DARPA Building Hack-Proof Open Source Voting System

HackProof Voting Machine
HackProof Voting Machine

The Defense Advanced Research Projects Agency (DARPA) is working on a highly security open source Hack-Proof Voting system. The project costs around $10 million.

The new system will prevent hackers to hack the voting machine and allow voters to verify that their votes were recorded correctly.

The Hackproof voting system is designed by Galois, its an Oregon-based company working with the government too, experienced in designing a secure system. The system will use a fully open source voting system, instead of closed, there is no other third party can examine the voting machine.

Linton Salmon, program manager in DARPA’s Microsystems Technology Office told to Motherboard,
“We will not have a voting system that we can deploy.

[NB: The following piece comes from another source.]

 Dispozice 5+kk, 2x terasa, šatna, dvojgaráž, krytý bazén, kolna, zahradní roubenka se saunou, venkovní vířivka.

That’s not what we do,” said Salmon. “We will show a methodology that could be used by others to build a voting system that is completely secure.”

We wanted something where there could be a lot of people who could look at this in an open way and critique it and find problems,” said Salmon.

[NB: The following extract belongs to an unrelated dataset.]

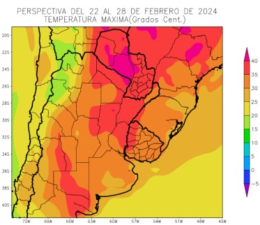 • El este del NOA, la mayor parte de la Región del Chaco, gran parte de la Mesopotamia, el este de Cuyo, el nordeste y el sudoeste de la Región Pampeana y el noroeste del Uruguay observarán temperaturas máximas superiores a 35°C con un amplio foco con valores superiores a 40°C que se ubicará sobre el centro del Paraguay y el nordeste de la Región del Chaco y otros focos con valores inferiores.
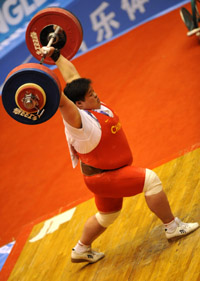 4月18日,吉林隊選手穆爽爽在2008全國女子舉重錦標賽暨奧運選拔賽75公斤以上級比賽中,以145公斤、183公斤和328公斤的成績分別獲得抓舉、挺舉和總成績冠軍,并超該級別三項世界紀錄。 新華社記者:陳曄華 攝

Currently, DARPA program focusing to develop secure hardware program. This new voting machine work without barcodes.

Joe Kiniry, the principal scientist at Galois who is leading the project at his company.

Many current ballot-marking systems on the market today have been criticized by security professionals because they print bar codes on the ballot that the scanner can read instead of the human-readable portion voters review. Someone could subvert the bar code to say one thing, while the human-readable portion says something else. Kiniry said they’re aiming to design their system without barcodes.

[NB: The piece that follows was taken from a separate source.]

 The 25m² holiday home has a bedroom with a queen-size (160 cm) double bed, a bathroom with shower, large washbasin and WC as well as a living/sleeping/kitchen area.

“That receipt does not permit you to prove anything about how you voted, but does permit you to prove that the system accurately captured your intent and your vote is in the final tally,” Kiniry said.

“Most of the system is split across hundreds of different files, each configured at various levels,” Sarah Jamie Lewis, a former security engineer for Amazon as well as a former computer scientist for England’s GCHQ intelligence agency, told Motherboard. “I’m used to dealing with Java code that runs across different packages and different teams, and this code somewhat defeats even my understanding.”

She said the system uses cryptographic solutions that are fairly new to the field and that have to be implemented in very specific ways to make the system auditable, but the design the programmers chose thwarts this.

Hackers are always finding a new way to exploit the things, might be this voting machine is Hack-proof and transparent to secure voting system.